Diagnostic and Monitoring Data

  • Use standardized concussion-assessment tools for mild injury screening.
  • Use CT/MRI when clinically indicated to evaluate structural injury, bleeding, and severity context.
  • Use neuropsychological testing when needed to characterize concentration, memory, and executive-function deficits after trauma.
  • Trend Glasgow Coma Scale GCS data closely; lower scores indicate more severe injury burden (for example below 8 signals severe consciousness impairment).

Glasgow Coma Scale response chart summarizing eye opening, verbal, and motor score levels for consciousness trending Illustration reference: OpenRN Health Alterations Ch.9.3.

Nursing Interventions

  • Implement frequent neurologic reassessment and immediate escalation for worsening signs.
  • Support cause/severity-specific treatment plans: rest and symptom control in mild concussion patterns, including temporary cognitive/visual-load reduction (for example limiting reading/screen exposure) with graded return to activity.
  • Escalate any suspected concussion for same-day provider or emergency evaluation rather than watchful delay.
  • Prepare for neurosurgical pathways when severe injury causes pressure-related deterioration.
  • In rising-ICP trajectories, support ordered head-of-bed elevation (about 30 degrees) with neutral neck alignment while emergency escalation is underway.
  • Implement low-stimulation seizure-prevention measures when indicated (for example reduced light/noise and seizure-safety setup).
  • In immediate first-aid response, prioritize responsiveness and breathing checks, emergency activation for unconsciousness/respiratory compromise, gentle bleeding control, and cervical-motion protection when head/neck injury is suspected.
  • Reinforce prevention counseling (helmet and seat-belt use, high-risk activity protection).
  • Include adolescent-focused injury prevention teaching when relevant: no texting/phone use while driving, speed-limit adherence, and consistent seat-belt/helmet use.

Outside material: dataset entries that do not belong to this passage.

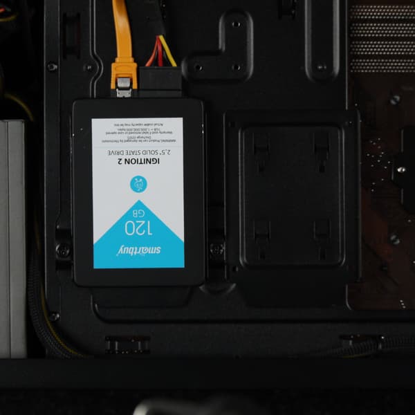 Полноразмерные жесткие диски устанавливаются в предназначенную для них двухместную корзину.
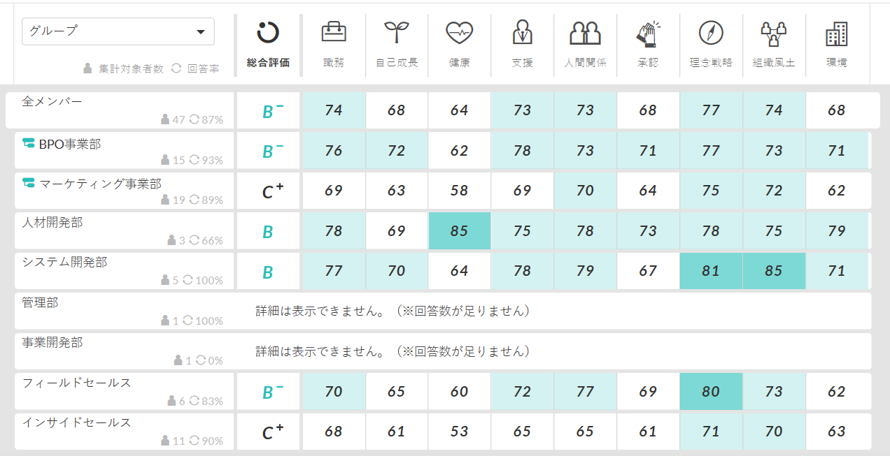 カテゴリーは9つの項目に分かれています。「職務」「自己成長」「健康」「支援」「人間関係」「承認」「理念戦略」「組織風土」「環境」で、それぞれのスコアが別々に出てきます。これまでの結果を見ると、「人間関係」「理念戦略」「組織風土」が高いのがインターゾーンらしいところだと言えますね。
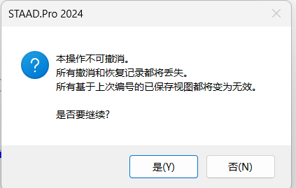 3. 选择工具后,注意警告信息。系统将提示您重新编号过程不可逆,撤销/重做功能将不可用,基于上次编号的保存视图也将失效。
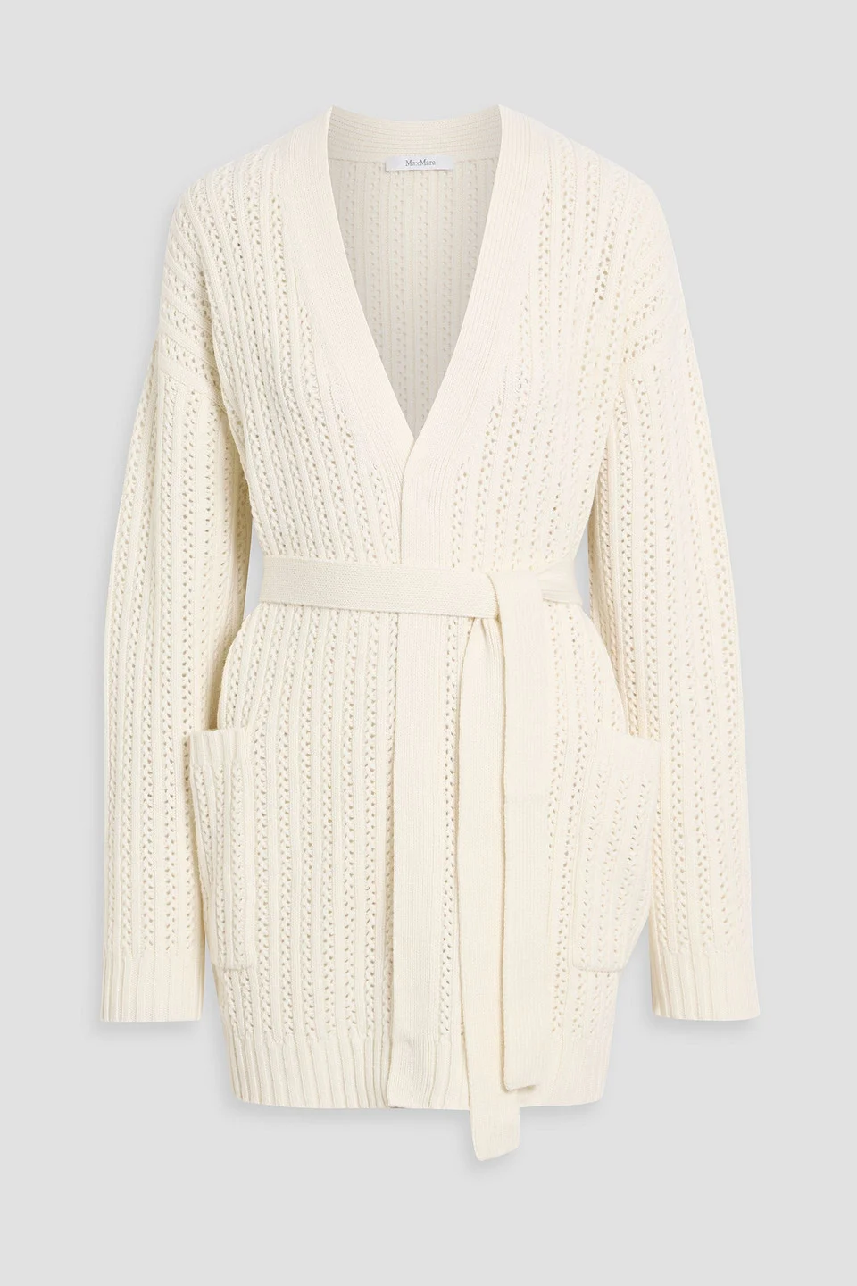 Cardigan pointelle-knit wool and cashmere-blend ribbed trims detachable waist tie front patch pockets slips on chunky knit hand wash or dry clean imported 70% Wool 30% Cashmere Product Code 46376663163033009

Rapid Neurologic Deterioration Risk

Worsening intracranial pathology can become life-threatening; delayed escalation increases permanent-deficit risk.

Pharmacology

Drug ClassExamplesKey Nursing Considerations
Symptom-directed analgesia (mild injury context)Protocol-directed pain relieversUse cautiously with ongoing neurologic reassessment.
Sedation/anesthesia support (severe injury context)Procedure-specificCoordinate with airway and ICP management strategies when surgical intervention is required.
Neuroprotection-support contextsantiseizure, osmotic-diuretic, and selected coma-induction pathways by severityUsed in selected severe trajectories to limit secondary injury; requires high-acuity neuro-respiratory monitoring.

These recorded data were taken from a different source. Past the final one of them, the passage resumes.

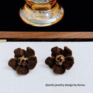 秋冬复古咖色植绒花朵豹纹珠珠耳钉女 s925银针时尚气质个性耳环
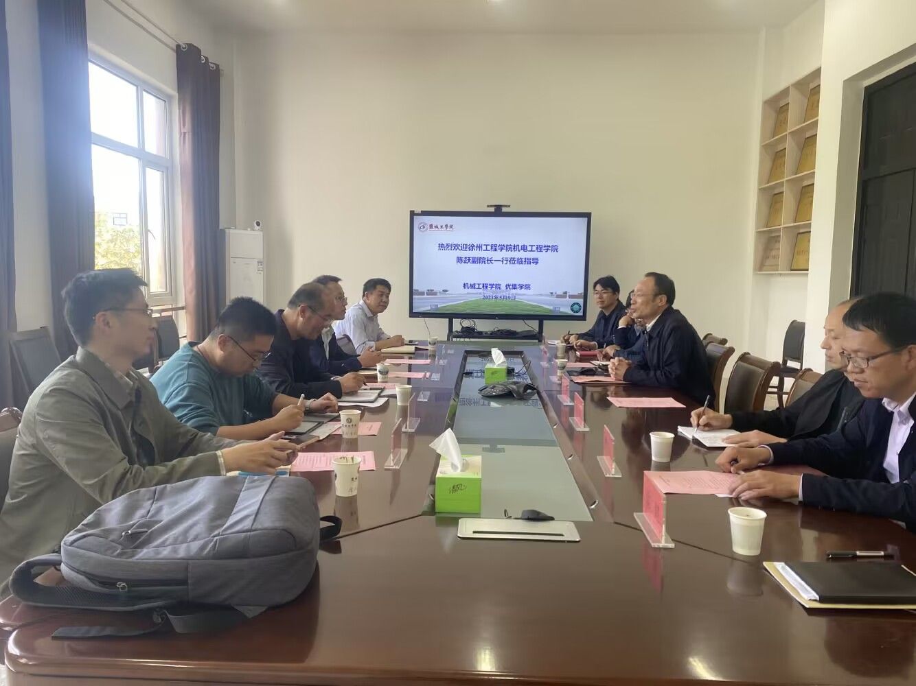 为加强一流专业建设,推进学校学科专业的高质量发展和专业结构的优化调整。5月9日下午,徐州工程学院机电工程学院副院长陈跃带领学院专业系主任到我校机械优集学院开展专业建设交流活动。机械优集学院院长周临震、副院长陈青以及专业系主任、课程组主任、实验中心主任等参加交流会。
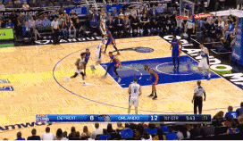 今天面对活塞,尽管佩顿的得分并不多,但是他在进攻端打得很有侵略性,距离上半场结束还剩不到1分钟,佩顿在右侧45度三分线外crossover过掉防守球员,然后突破到篮下,并且在两名球员的防守之下抛投得分。
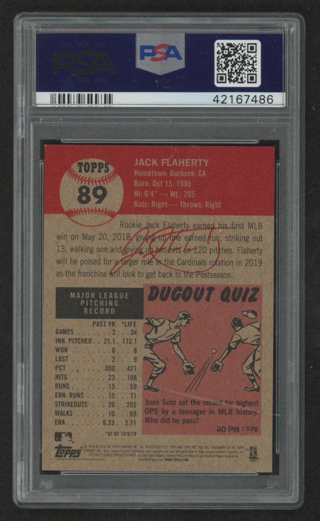 Jack Flaherty 2018 Topps Living #89 RC (PSA 8)
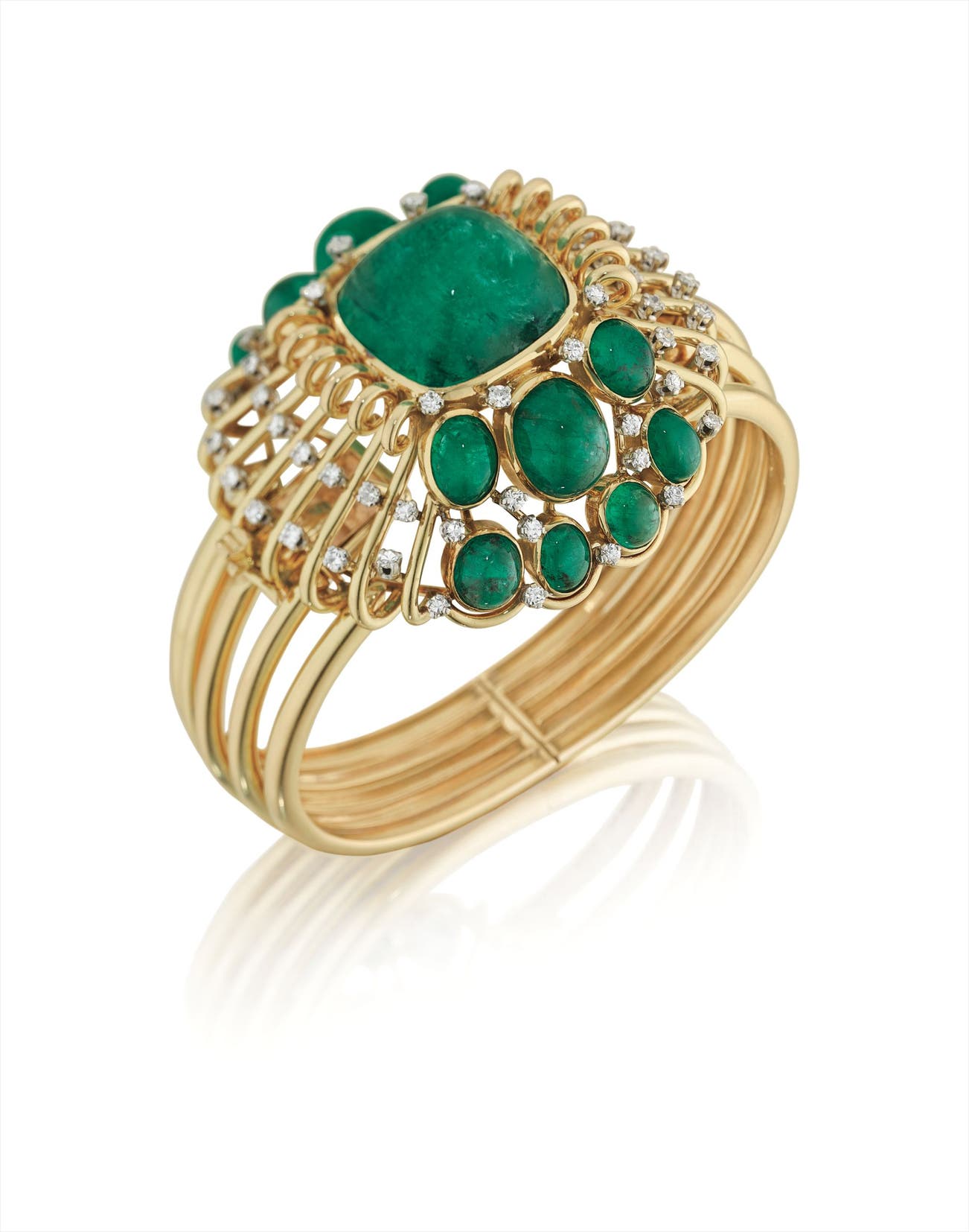 Designed as a hinged bangle bracelet, centering on a square cabochon-cut emerald, weighing approximately 34.00 carats, within a polished gold scroll surround enhanced by oval cabochon-cut emeralds and circular-cut diamonds, mounted in 18K yellow gold, diameter 2 1/2 inches.
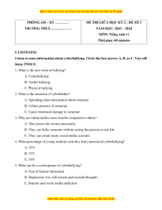 Listen to some information about cyberbullying. Circle the best answer A, B, or C. You will listen TWICE.
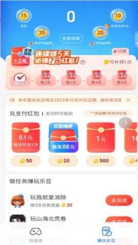 1、加上签到和玩乐豆的奖励,总共可以领取3次红包。
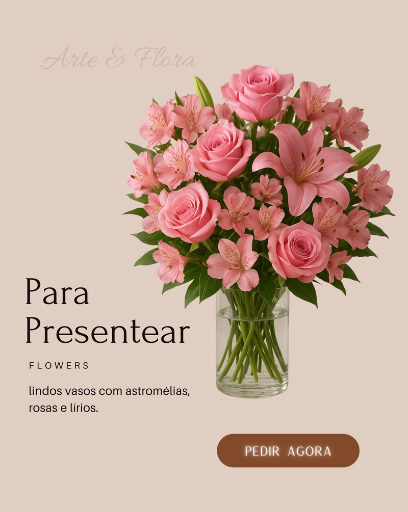 Arranjo com vaso com flores astromélias, rosas, lírios, cor rosa
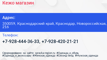 Кежо, магазин по адресу 350059, Краснодарский край, Краснодар, Новороссийская, 216 в дальнейшем Организация, размещена в следующих категориях:
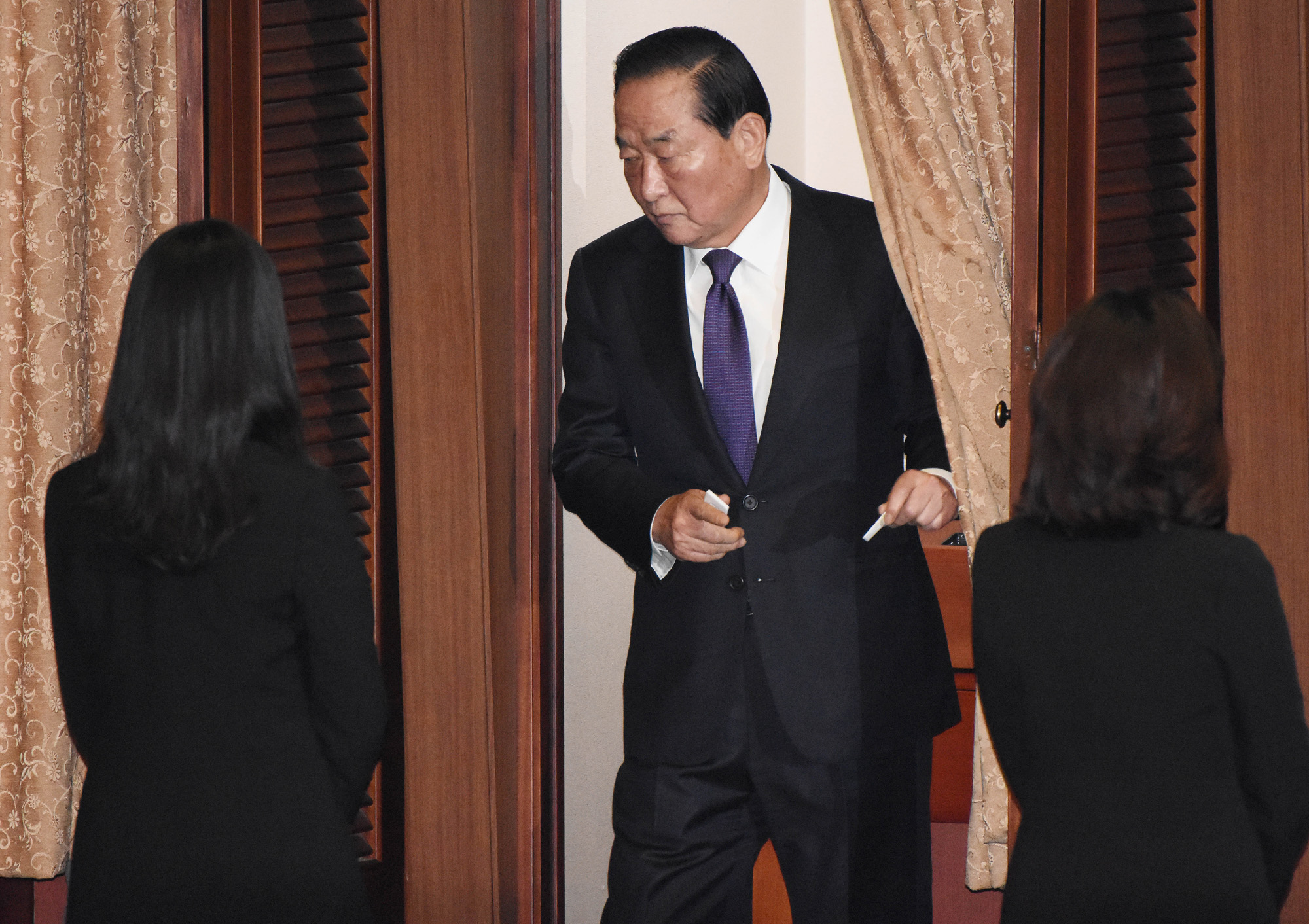 서청원 새누리당 의원이 9일 오후 서울 여의도 국회 본회장에서 야 3당이 발의한 박근혜 대통령 탄핵소추안에 대한 투표 후 투표소를 나서고 있다.

Clinical Judgment Application

Clinical Scenario

A patient with head trauma develops worsening headache, repeated vomiting, and new unequal pupils.

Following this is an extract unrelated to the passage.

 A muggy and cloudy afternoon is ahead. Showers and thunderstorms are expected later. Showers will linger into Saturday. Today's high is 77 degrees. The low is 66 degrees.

  • Recognize Cues: Progressing intracranial injury warning signs.
  • Analyze Cues: Secondary neurologic deterioration is likely.
  • Prioritize Hypotheses: Prevent herniation and permanent brain injury.
  • Generate Solutions: Escalate urgently for emergent imaging and neurosurgical evaluation.
  • Take Action: Activate emergency pathway and intensify neurologic monitoring.
  • Evaluate Outcomes: Definitive intervention is delivered before irreversible decline.

Self-Check

  1. Which symptoms most strongly suggest severe rather than mild TBI?
  2. Why are serial neuro checks critical after initial TBI stabilization?
  3. How do management priorities differ between concussion and severe TBI with mass effect?